Keywords: Gossypium, Disrupted gene, Phospholipase A, Fibre elongation, Linolenic acid
Introduction
Two allotetraploid cotton species were domesticated independently, each offering superior traits relative to their diploid ancestors. More specifically, Gossypium hirsutum (2n = 4x = 52, AD1) is characterized by high‐yield properties and its cultivars dominate more than 90% of worldwide cotton production, while G. barbadense (2n = 4x = 52, AD2) is characterized by strong and fine fibres with extra‐long staples, which accounts for less than 10% of cotton global production (Wendel et al., 2010). The polyploid vigour and hybrid vigour of fibre traits in allotetraploid cotton cultivars result from the orchestrated effects of genome structural variations after polyploidization, in addition to natural and human selection (Adams and Wendel, 2005). However, the genetic and molecular basis for the interspecies divergence in fibre traits remains largely unknown, which presents a barrier in breeding cotton with superior fibre traits.
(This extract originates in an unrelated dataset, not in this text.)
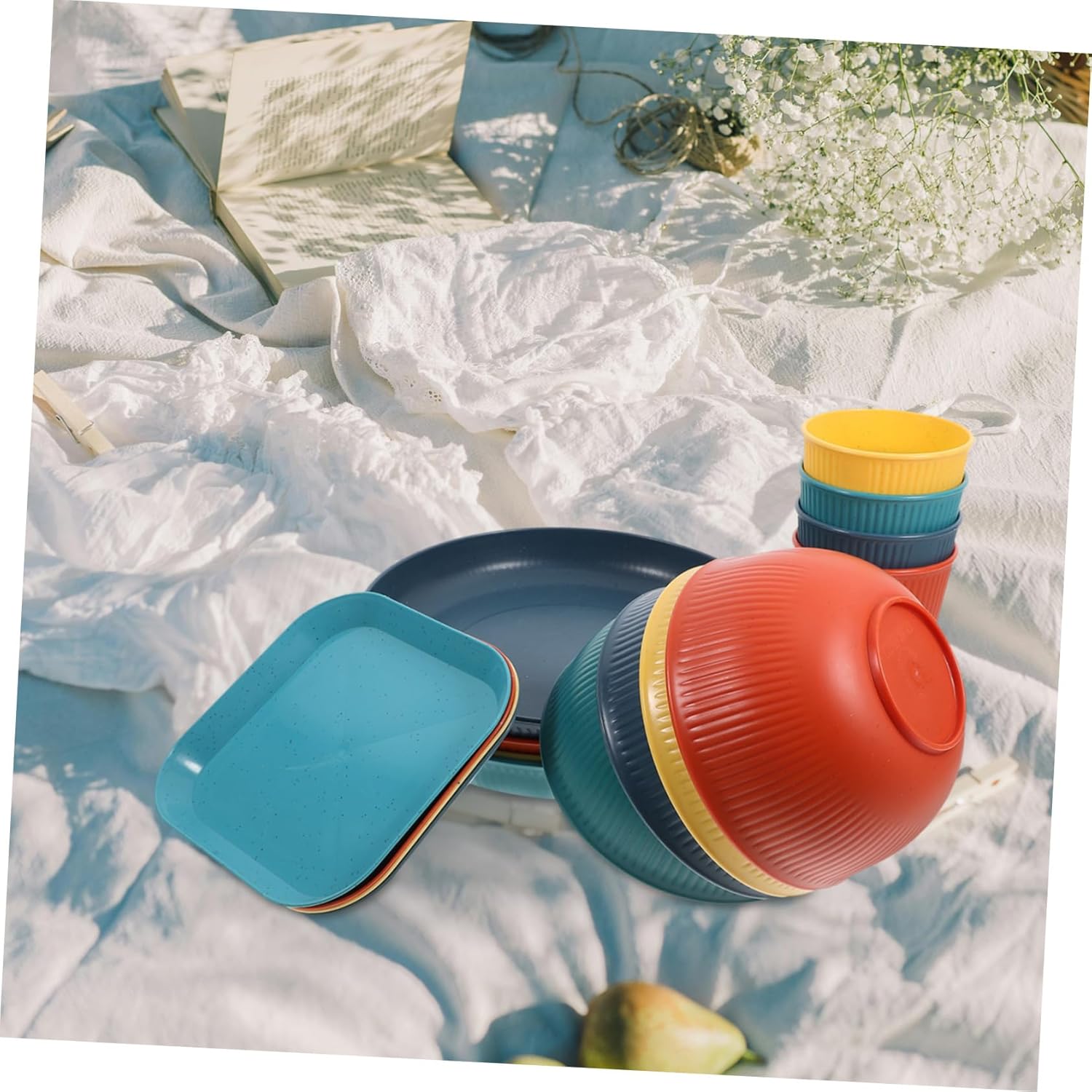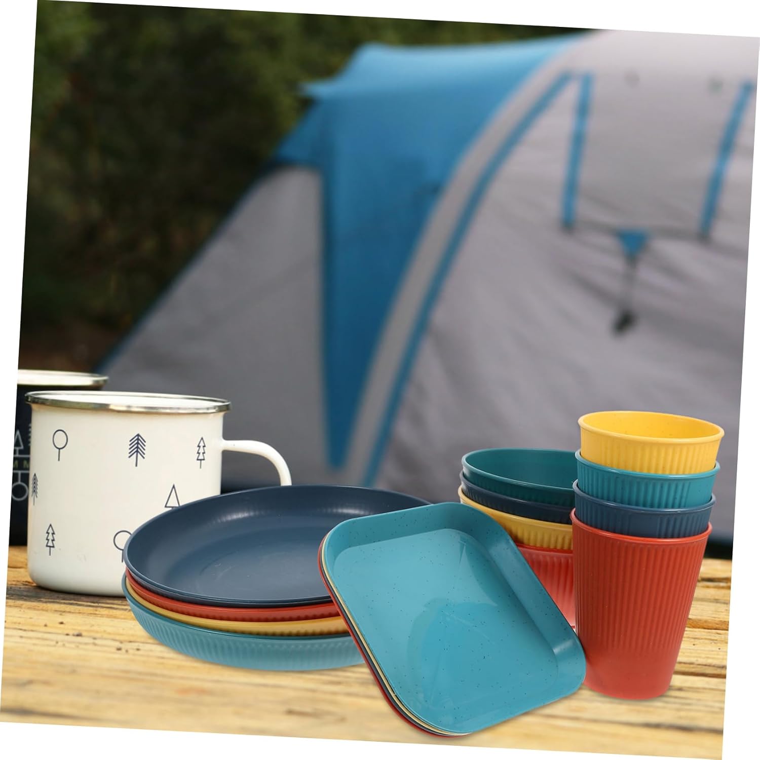 Package Include 8 x plates (2 sizes) 4 x bowls 4 x cups Features -Material:PP plates and bowls -Size:14.50X14.50X1.60cm/5.70X5.70X0.63in camping dishes -Size:14.80X14.80X7.30cm/5.82X5.82X2.87in outdoor dinnerware -Size:22.70X22.70X3.50cm/8.92X8.92X1.38in -Size:10.60X8.30X8.30cm/4.17X3.26X3.26in -Color:Assorted Color -Made from PP materials, this dinnerware set is resistant to breakage, last for a long time unbreakable dinnerware. -With a complete set of plates, bowls, and cups, this dinnerware set is great for outdoor gathering unbreakable plates. -The sleek appearance of this dinnerware set gives it a fashionable and sophisticated look, making it a great addition to any outdoor event outdoor dishes. -The stylish design of this dinnerware set adds to any table setting, while also being practical and functional. -This dinnerware set is for outdoor gatherings, such as camping, parties, and barbecues.Goods Descriptionunbreakable dinnerware It includes plates, bowls, and cups, nice for outdoor gathering.outdoor dinnerware The tableware set is designed to be resistant to breakage.unbreakable plates The design adds of elegance and practicality to your dining experience.outdoor dishes This tableware set is for camping, parties, and barbecues

Previously, we characterized interspecies introgression events between G. hirsutum and G. barbadense, which had significant impacts on fibre yield and quality traits in G. barbadense populations (Fang et al., 2021). Notably, after polyploidization/whole‐genome duplication (WGD), some of the redundant genes were lost over the course of a few million years (Lynch and Conery, 2000). The most recent evolutionary analysis on the Gossypium genus reported that disrupted genes, also termed genes with deleterious mutations, have accumulated faster in allotetraploid cotton than in diploid species (Conover and Wendel, 2022). However, the precise effects of these disrupted genes on fibre traits have yet to be elucidated.
Cotton fibre comprises single‐celled trichomes derived from the ovule epidermis, and its development consists of four overlapping stages: initiation, rapid elongation, secondary wall thickening and maturation (Chen and Guan, 2011; Graves and Stewart, 1988; Kim and Triplett, 2001). Both transcriptome and metabolism analyses have indicated that lipid transportation and metabolic processing occur proactively during the initiation and elongation stages (Gou et al., 2007; Guan et al., 2011; Hu et al., 2019). During rapid elongation, the primary cell wall of the fibre is extended through rapid assembly of plasma membranes and vacuole development, which imposes a huge demand for phospholipids (Wanjie et al., 2005). Phospholipids and their derivatives such as linolenic acid, 34:3 phosphatidylinositol (PI) and PI‐4 monophosphate also promote cotton fibre elongation in their roles as signal molecules (Liu et al., 2015). Therefore, the network regulating phospholipid metabolism also plays a critical role in cotton fibre development, though it yet remains understudied.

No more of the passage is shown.